## TASK INPUT

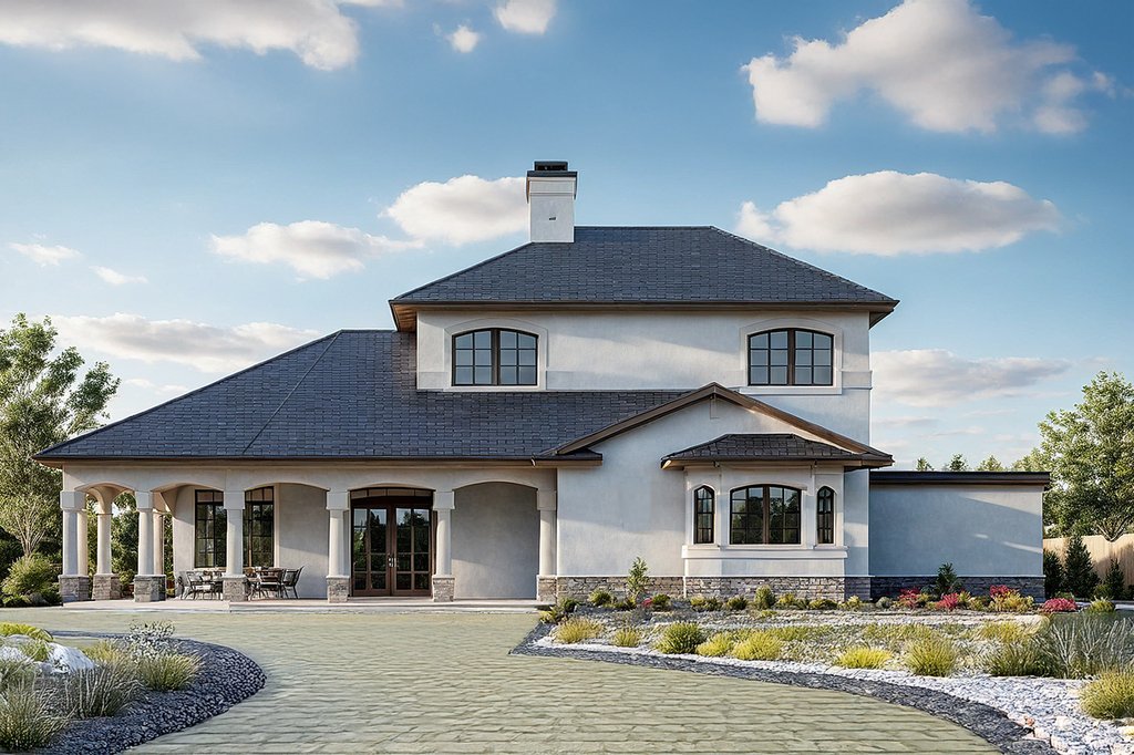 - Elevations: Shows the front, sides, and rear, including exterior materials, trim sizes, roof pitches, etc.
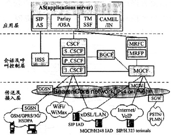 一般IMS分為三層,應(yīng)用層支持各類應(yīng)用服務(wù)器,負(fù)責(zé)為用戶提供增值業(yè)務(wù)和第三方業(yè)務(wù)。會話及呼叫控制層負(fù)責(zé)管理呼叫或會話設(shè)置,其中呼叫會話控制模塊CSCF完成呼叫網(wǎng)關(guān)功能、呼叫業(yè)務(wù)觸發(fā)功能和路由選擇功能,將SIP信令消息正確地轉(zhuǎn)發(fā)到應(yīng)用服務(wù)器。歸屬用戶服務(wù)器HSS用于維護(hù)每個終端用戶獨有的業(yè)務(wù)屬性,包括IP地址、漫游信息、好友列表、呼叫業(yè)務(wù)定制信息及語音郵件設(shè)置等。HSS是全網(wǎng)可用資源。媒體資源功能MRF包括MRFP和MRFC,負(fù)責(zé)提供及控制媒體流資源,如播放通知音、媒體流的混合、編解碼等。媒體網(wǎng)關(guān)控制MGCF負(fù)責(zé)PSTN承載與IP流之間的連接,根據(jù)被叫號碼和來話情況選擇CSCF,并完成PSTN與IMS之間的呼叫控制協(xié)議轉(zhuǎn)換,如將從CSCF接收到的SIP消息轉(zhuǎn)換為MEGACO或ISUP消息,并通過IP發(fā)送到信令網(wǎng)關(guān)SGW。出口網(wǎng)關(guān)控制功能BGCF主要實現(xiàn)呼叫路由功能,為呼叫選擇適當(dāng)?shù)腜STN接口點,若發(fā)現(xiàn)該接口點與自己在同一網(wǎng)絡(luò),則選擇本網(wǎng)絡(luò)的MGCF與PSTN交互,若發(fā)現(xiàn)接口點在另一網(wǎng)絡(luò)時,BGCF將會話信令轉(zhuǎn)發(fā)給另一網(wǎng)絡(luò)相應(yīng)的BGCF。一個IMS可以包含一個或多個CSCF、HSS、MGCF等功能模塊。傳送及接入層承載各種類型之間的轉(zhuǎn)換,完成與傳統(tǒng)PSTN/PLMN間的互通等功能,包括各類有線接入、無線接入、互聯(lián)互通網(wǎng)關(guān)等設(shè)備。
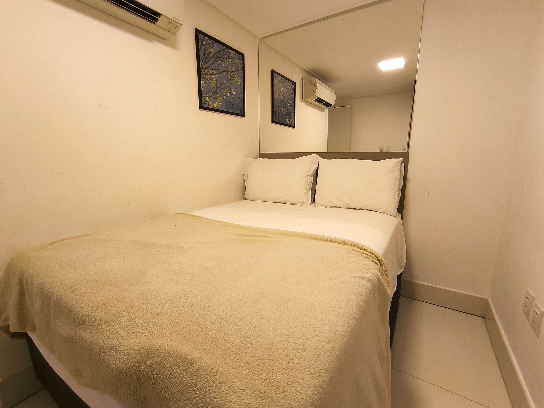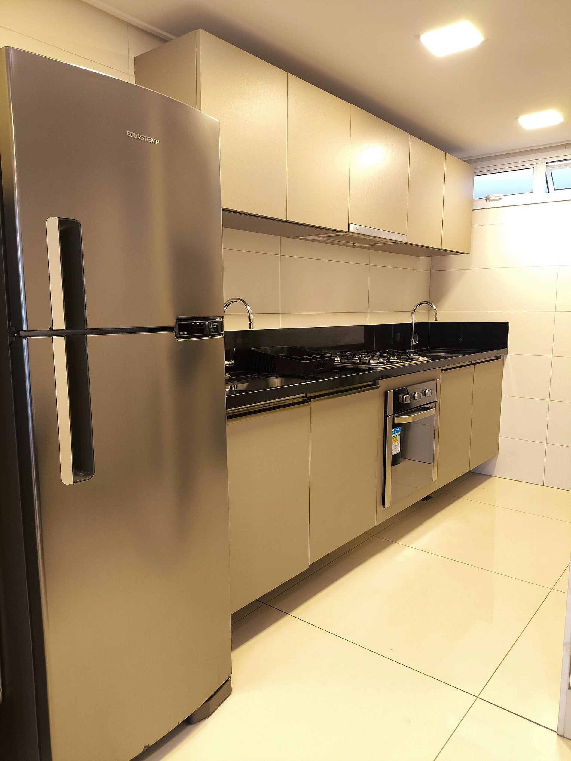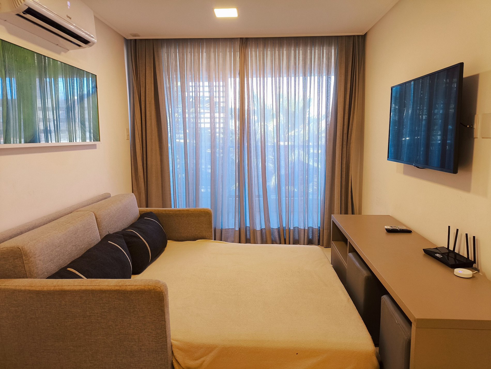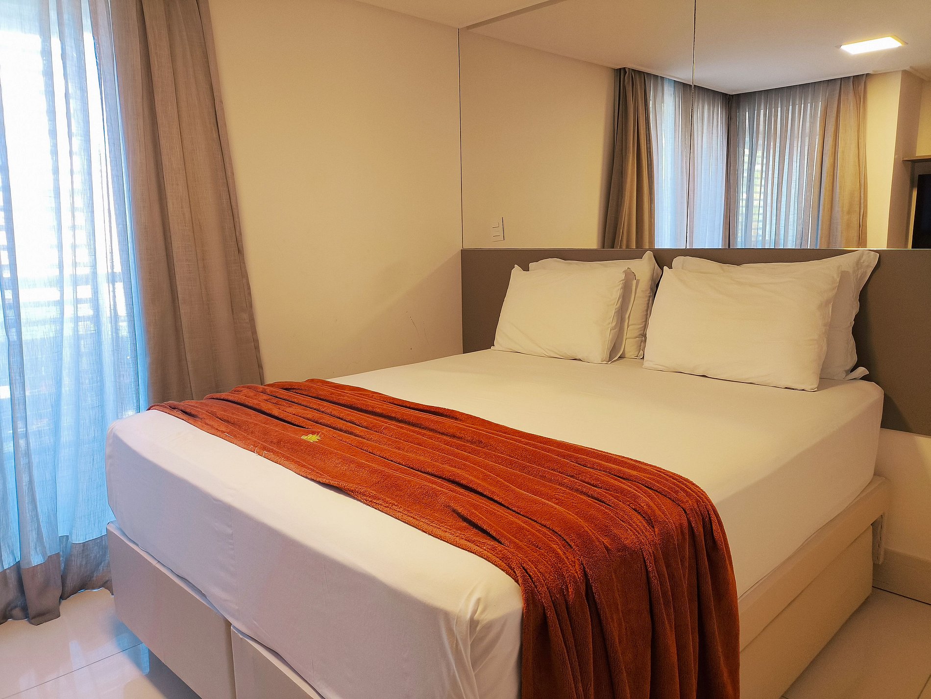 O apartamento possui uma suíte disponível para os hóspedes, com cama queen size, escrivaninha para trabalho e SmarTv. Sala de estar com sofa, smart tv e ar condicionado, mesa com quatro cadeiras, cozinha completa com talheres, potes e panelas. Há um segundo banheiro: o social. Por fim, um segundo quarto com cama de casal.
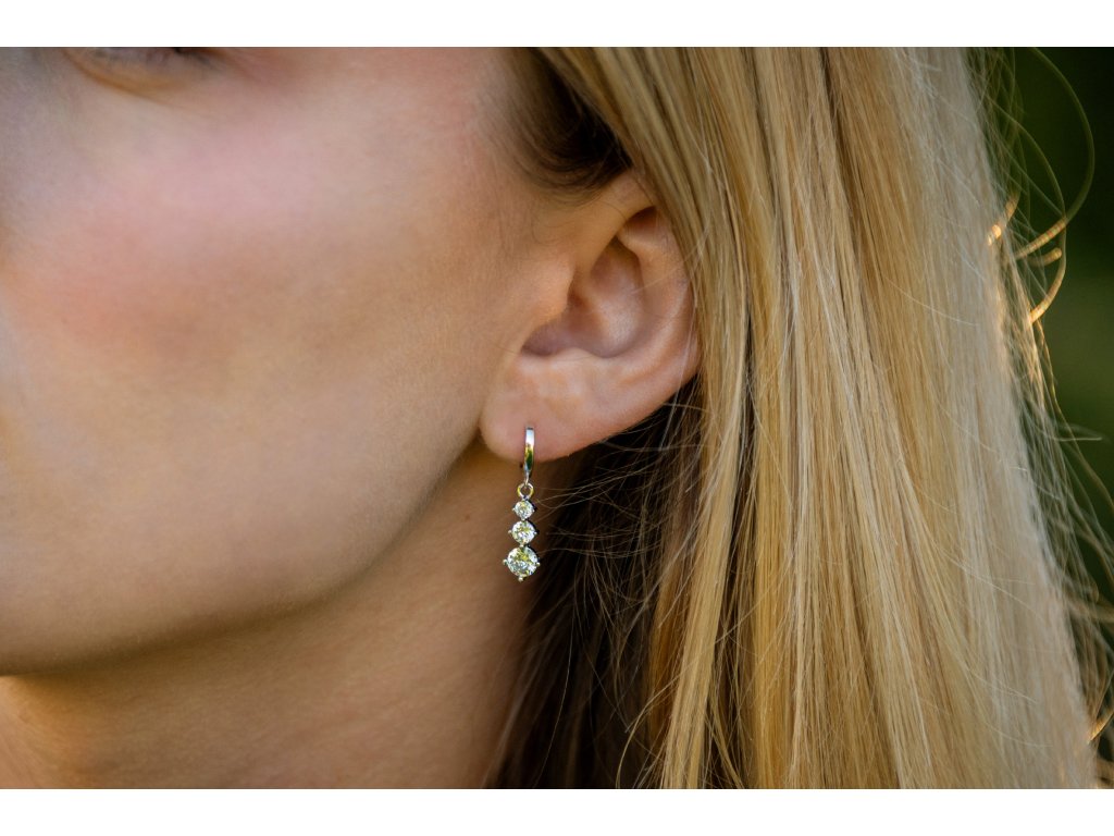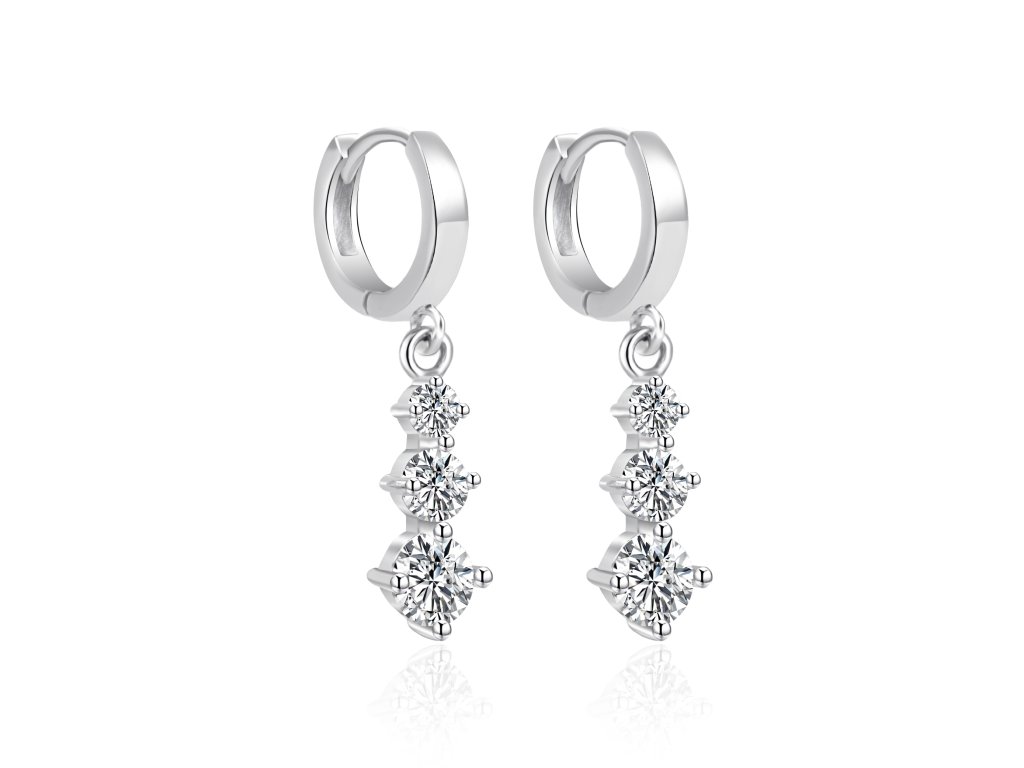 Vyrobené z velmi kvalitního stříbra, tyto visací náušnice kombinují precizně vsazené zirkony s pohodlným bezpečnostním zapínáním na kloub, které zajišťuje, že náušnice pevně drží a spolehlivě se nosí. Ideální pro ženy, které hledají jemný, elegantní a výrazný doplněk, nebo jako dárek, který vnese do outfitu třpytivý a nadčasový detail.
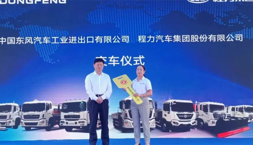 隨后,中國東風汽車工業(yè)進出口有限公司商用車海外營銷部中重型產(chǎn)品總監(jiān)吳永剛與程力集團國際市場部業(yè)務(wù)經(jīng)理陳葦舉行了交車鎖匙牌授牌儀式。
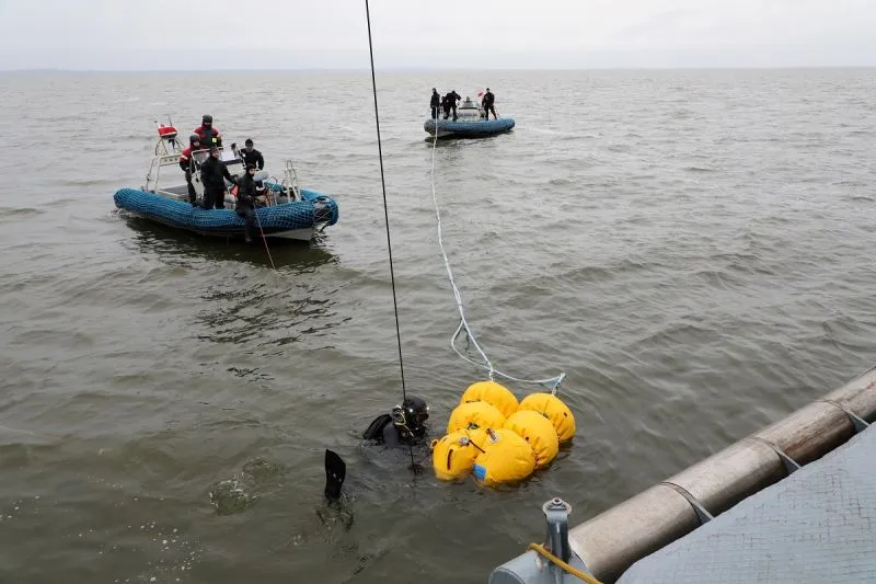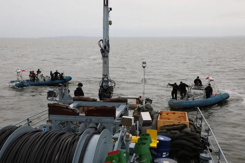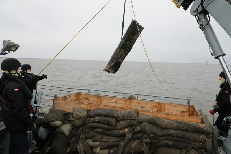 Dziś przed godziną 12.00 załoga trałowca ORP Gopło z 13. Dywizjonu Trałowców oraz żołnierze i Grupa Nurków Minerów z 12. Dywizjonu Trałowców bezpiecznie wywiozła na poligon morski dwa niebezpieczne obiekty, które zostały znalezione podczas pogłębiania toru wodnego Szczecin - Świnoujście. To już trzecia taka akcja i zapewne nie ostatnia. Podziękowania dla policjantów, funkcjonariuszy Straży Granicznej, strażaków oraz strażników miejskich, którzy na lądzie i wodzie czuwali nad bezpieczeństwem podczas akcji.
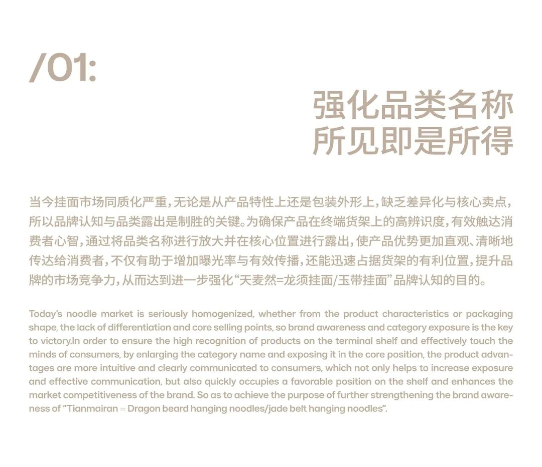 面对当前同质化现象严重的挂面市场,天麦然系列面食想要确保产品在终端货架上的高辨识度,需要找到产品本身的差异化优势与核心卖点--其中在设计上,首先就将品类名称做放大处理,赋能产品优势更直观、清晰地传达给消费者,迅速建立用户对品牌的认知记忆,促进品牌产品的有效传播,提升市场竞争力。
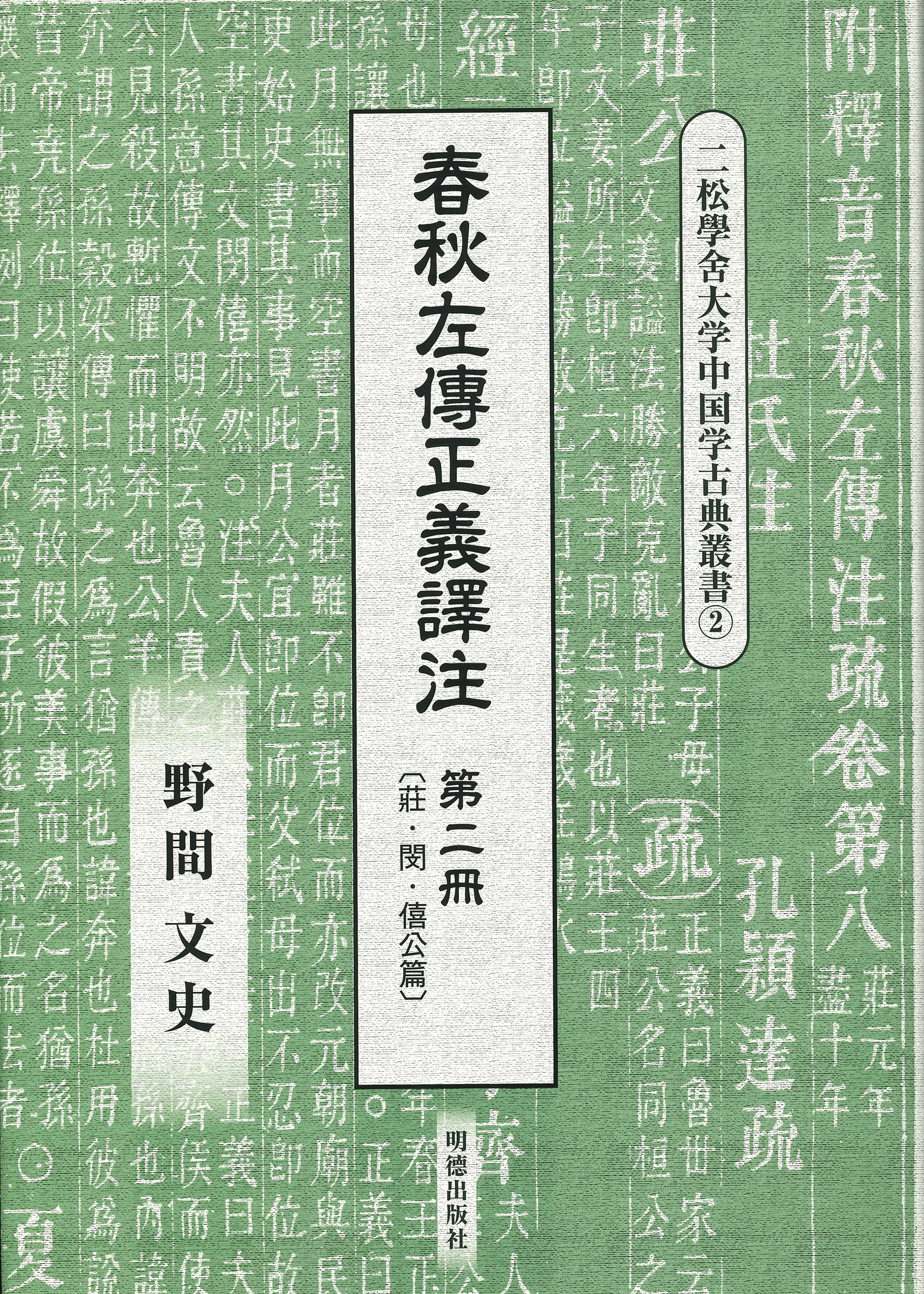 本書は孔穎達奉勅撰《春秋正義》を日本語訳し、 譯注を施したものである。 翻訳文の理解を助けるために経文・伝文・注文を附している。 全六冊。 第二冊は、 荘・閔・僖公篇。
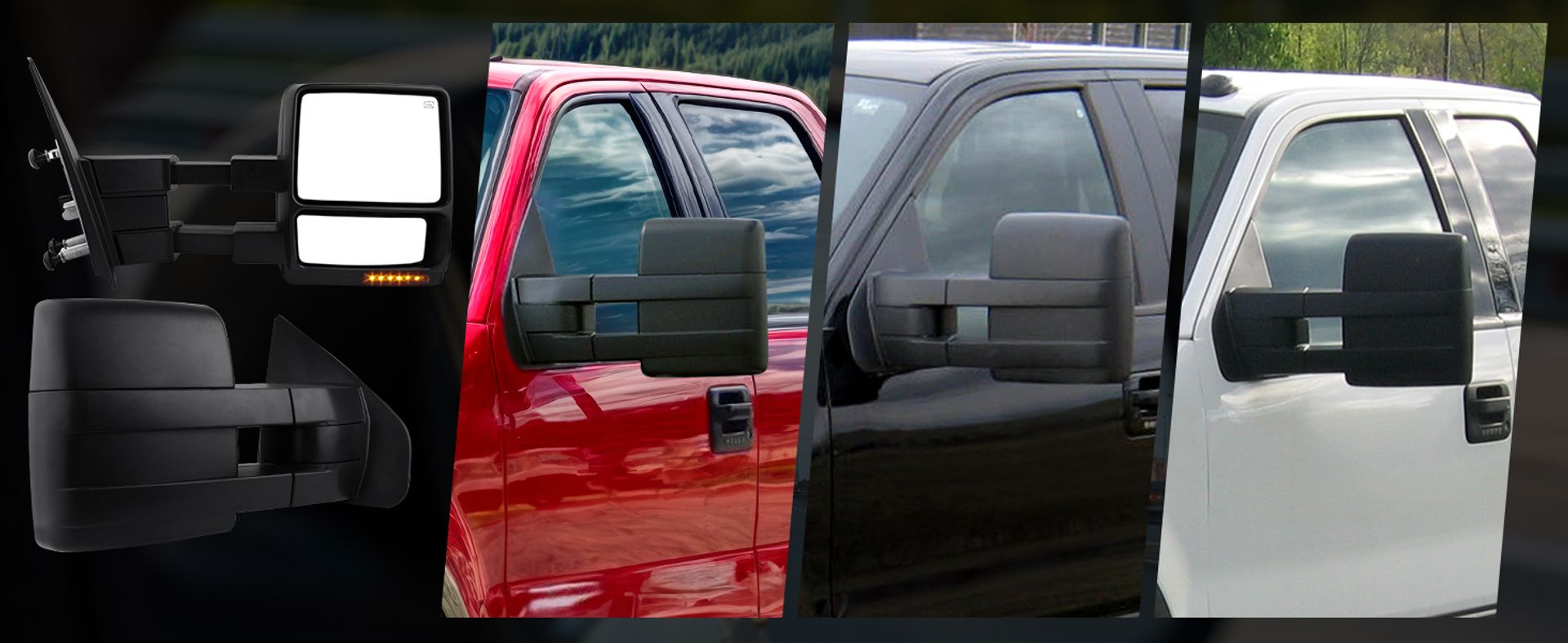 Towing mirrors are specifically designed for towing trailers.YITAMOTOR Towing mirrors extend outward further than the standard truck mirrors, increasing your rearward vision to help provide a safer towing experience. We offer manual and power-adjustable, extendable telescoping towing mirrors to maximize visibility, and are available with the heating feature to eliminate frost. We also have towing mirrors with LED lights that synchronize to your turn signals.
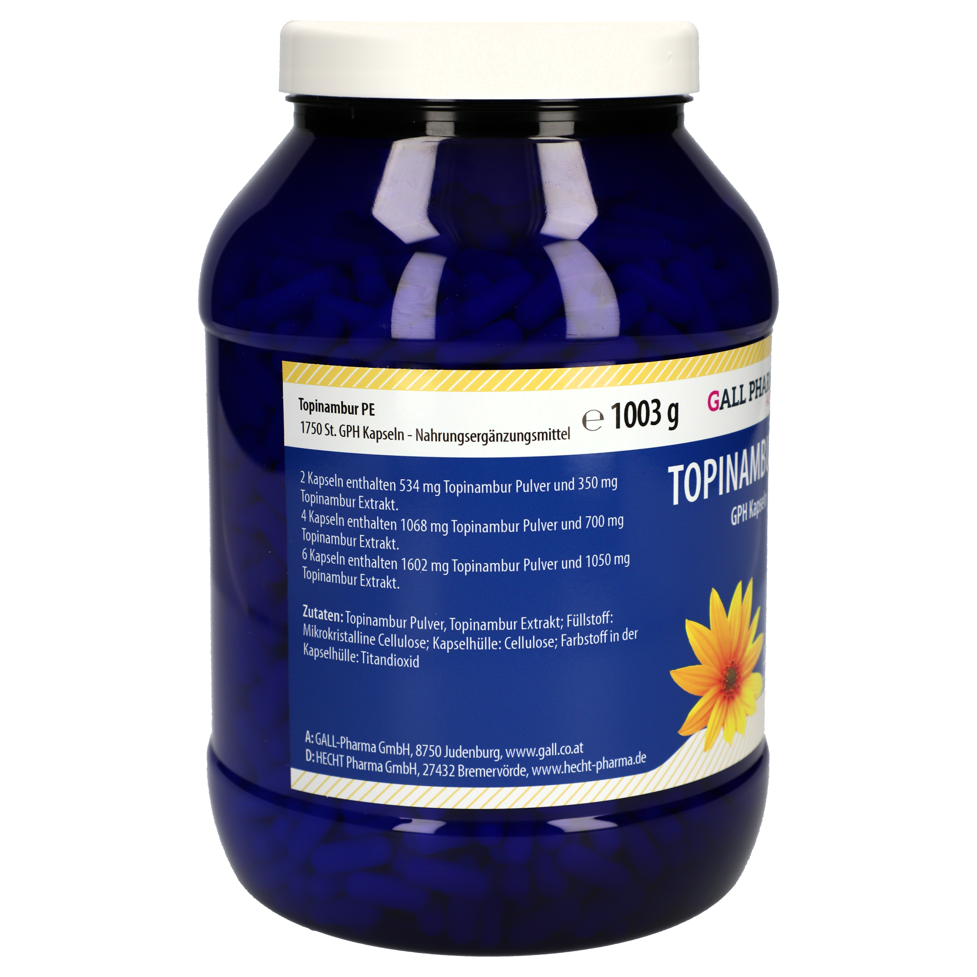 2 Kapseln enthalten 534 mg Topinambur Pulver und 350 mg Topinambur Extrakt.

## BRIEF
Which lines run from the one containing "面对当前同质化现象严重的挂面" to the end of the entries above? Write them out exactly, leaving out every picture.

## OUTPUT OF THE TASK
 面对当前同质化现象严重的挂面市场,天麦然系列面食想要确保产品在终端货架上的高辨识度,需要找到产品本身的差异化优势与核心卖点--其中在设计上,首先就将品类名称做放大处理,赋能产品优势更直观、清晰地传达给消费者,迅速建立用户对品牌的认知记忆,促进品牌产品的有效传播,提升市场竞争力。
 本書は孔穎達奉勅撰《春秋正義》を日本語訳し、 譯注を施したものである。 翻訳文の理解を助けるために経文・伝文・注文を附している。 全六冊。 第二冊は、 荘・閔・僖公篇。
 Towing mirrors are specifically designed for towing trailers.YITAMOTOR Towing mirrors extend outward further than the standard truck mirrors, increasing your rearward vision to help provide a safer towing experience. We offer manual and power-adjustable, extendable telescoping towing mirrors to maximize visibility, and are available with the heating feature to eliminate frost. We also have towing mirrors with LED lights that synchronize to your turn signals.
 2 Kapseln enthalten 534 mg Topinambur Pulver und 350 mg Topinambur Extrakt.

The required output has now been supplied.